So here is the full text:


THE KERRYNESS OF KERRY

 

If I’ve been following the campaign correctly, the typical John Kerry day involves an early-morning stop at Bud’s Truck Stop on Rte 103 at which the Senator orders a hot dog. Asked what he wants on it, he says an aubergine and lemongrass coulis. Afterwards, he heads to Idaho for a windsurfing photo-op to communicate his virility, after first flying out his stylist from Cristophe’s to mousse his hair into its windswept and tousled position. Following questions from the press on the cost of his hairdresser, he first denies that he has a hairdresser and then, when her curling tongs and rollers are pointed out in the back of his family’s SUV, snaps, “She’s not my hairdresser, she’s the family’s hairdresser.”

 

Later, after a two-man luge run with his Secret Service agent ends with him falling off after 50 yards, he snarls, “I don’t fall off. That sonofabitch agent arched his back too high.” Conceding that he was never in Cambodia on Christmas Eve 1968, the Senator says that those words were repeatedly placed in his mouth by over-zealous speechwriters. He wasn’t in Cambodia, his wife’s first husband’s corporation’s wholly owned subsidiary was in Cambodia. “But if George W Bush’s Republican smear machine wants to make our service in Vietnam an issue, I say to them: BRING. IT. ON!”

 

“But they have brought it on.”

 

“Well, if they want to continue bringing it on, I say to them: BRING. IT. ON!”

 

“But your campaign has put out an ad that President Bush call it off.”

 

“Well, if he wants to make an issue of my begging him to call it off, I say to him: BRING. IT. ON.”

 

The day ends with the Senator throwing the first pitch at the Red Sox game. It lands on his red sock and breaks his toe, resulting in him taking two weeks off for surgery, in the course of which his numbers go up four points.

 

If it weren’t for the small matter of the war for civilization, I’d find it hard to resist a Kerry Presidency. Groucho Marx once observed that an audience will laugh at an actress playing an old lady pretending to fall downstairs, but, for a professional comic to laugh, it has to be a real old lady. That’s how I feel about the Kerry campaign. For the professional political analyst, watching Mondale or Dukakis or Howard Dean stuck in the part of the guy who falls downstairs is never very satisfying: they’re average, unexceptional fellows whom circumstances have conspired to transform into walking disasters. But Senator Kerry was made for the role, a vain thin-skinned droning blueblood with an indestructible sense of his own status but none at all of his own ridiculousness. If Karl Rove had labored for a decade to produce a walking parody of the contemporary Democratic Party’s remoteness, condescension, sense of entitlement, public evasiveness and tortured relationship with military matters, he couldn’t have improved on John F Kerry.

 

For most of us this would be more than enough to see us through November: Why did John Kerry cross the road? “I crossed the road to volunteer for Vietnam. Some of us know something about what it means to cross the road.” Who was that lady I saw you with last night? “That was no lady, that was my meal ticket.” How many John Kerrys does it take to change a lightbulb? At least four. One to approve the removal of the old lightbulb. One to declare his courageous commitment to replacing the old bulb. One to vote against funding the new lightbulb. And one to denounce George W Bush and America’s Benedict Arnold CEOs for leaving everyone in the dark. 

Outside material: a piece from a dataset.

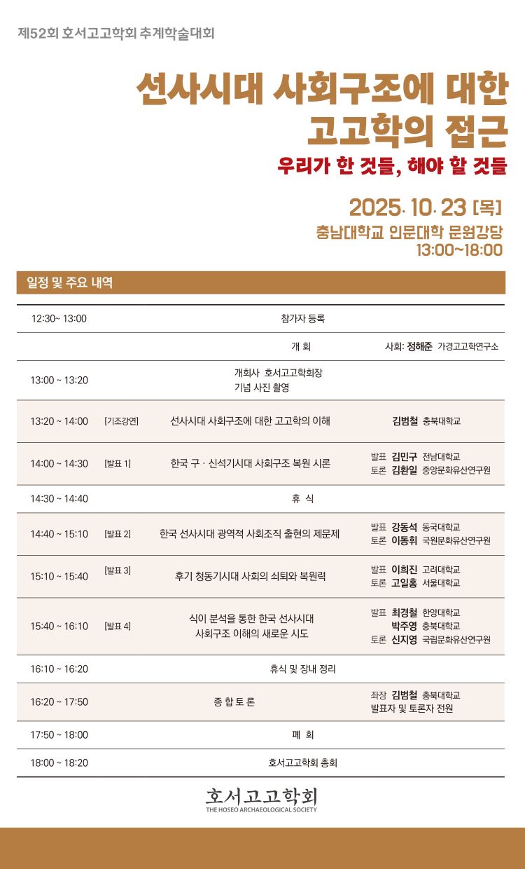 ¡Ý Çмú´ëȸ¸í : È£¼°í°íÇÐȸ Á¦52ȸ Ãß°èÇмú´ëȸ (¼±»ç½Ã´ë »çȸ±¸Á¶¿¡ ´ëÇÑ °í°íÇÐÀÇ Á¢±Ù: ¿ì¸®°¡ ÇÑ °Íµé, ÇØ¾ß ÇÒ °Íµé) ¡Ý ÀÏ ½Ã : 2025.10.23.(¸ñ) 13:00~18:00 ¡Ý Àå ¼Ò : Ãæ³²´ëÇб³ ´ë´öÄ·ÆÛ½º Àι®´ëÇÐ ¹®¿ø°´ç ¡Ý ¼¼ºÎÀÏÁ¤

It seems almost a shame to over-egg the Kerry pudding with the dark unsettling shadow of his war fantasies, the strange double inflation of his own exploits and of everyone else’s “war crimes”. Even then, the Swift vets’ campaign on Kerry’s actions 35 years ago seems most effective in driving him to idiotic actions right now, such as his demand to his lawyers that they threaten action against bookstores carrying Unfit For Command. Fortunately, most bookstore owners are too busy defending the “freedom to read the books you choose” against John Ashcroft’s Patriot Act to take umbrage at Kerry’s cease-and-desist letters. But imagine if Bush were to threaten lawsuits over every book that was unpleasant about him: every bookstore would be two-thirds empty and you could hunt buffalo on the plains of their floor space.

 

I underestimated Kerry because I made the mistake of seeing too much of him in 2003 – in Woodsville, Plymouth, Littleton and other obscure stops on the New Hampshire primary trail. He was awful. And he was just as awful in the huge auditorium at Nashua High School in late January as he’d been at the Barge Inn in Woodsville the previous summer. The only difference was that he was now awful with a full supporting cast – the “band of brothers”, Max Cleland, Ted Kennedy, Patrick Kennedy, Jeanne Shaheen… When the chorus line momentarily parted and you got a glimpse of the candidate, he still seemed like a plodding single-digit fifth-place guy.

 

Primary season gives the party’s electorate a chance to rattle the leading candidate and make him a better campaigner. This time round the leading candidates – Dean, Clark – rattled the electorate and in their stampede to the fire exits they wound up sweeping the quintessential “None of the Above” man to victory. They made a very basic miscalculation: Howard Dean was a dull centrist governor pretending to be nuts, John Kerry is a nut passing himself off as a dull centrist.

 

Granted that many folks mistake self-importance for gravitas, it’s surprising the devious minds of the Democratic establishment, so fearful of Dean, failed to see the problems with Kerry. A serious party would have seen the war on terror as a major foreign policy challenge they needed to address credibly. But instead the Democrats looked on it in a shriveled, partisan Carvillesque way as a Bush wedge issue they needed to neutralize. And so they bought into JFK’s self-created myth of his four months in the Mekong as the most epic chapter in the history of the republic, and here they are mired in a Vietnam quagmire that feels like it’s been going on longer than the real one.

 

The Democratic spinmeisters outspun themselves. If there’s one lesson to be drawn from the 2002 elections it’s that biography is insufficient: The war-wounded Cleland, the widow Carnahan, the old lion Mondale all went down, because come election day losing three limbs or your husband or 49 states is not in itself a qualification for office, not in serious times. Two years ago, voters were very clear-sighted, and they rejected the TV-movie-of-the-week narratives, however appealing, in the absence of evidence that the candidates were credible on the issue that mattered.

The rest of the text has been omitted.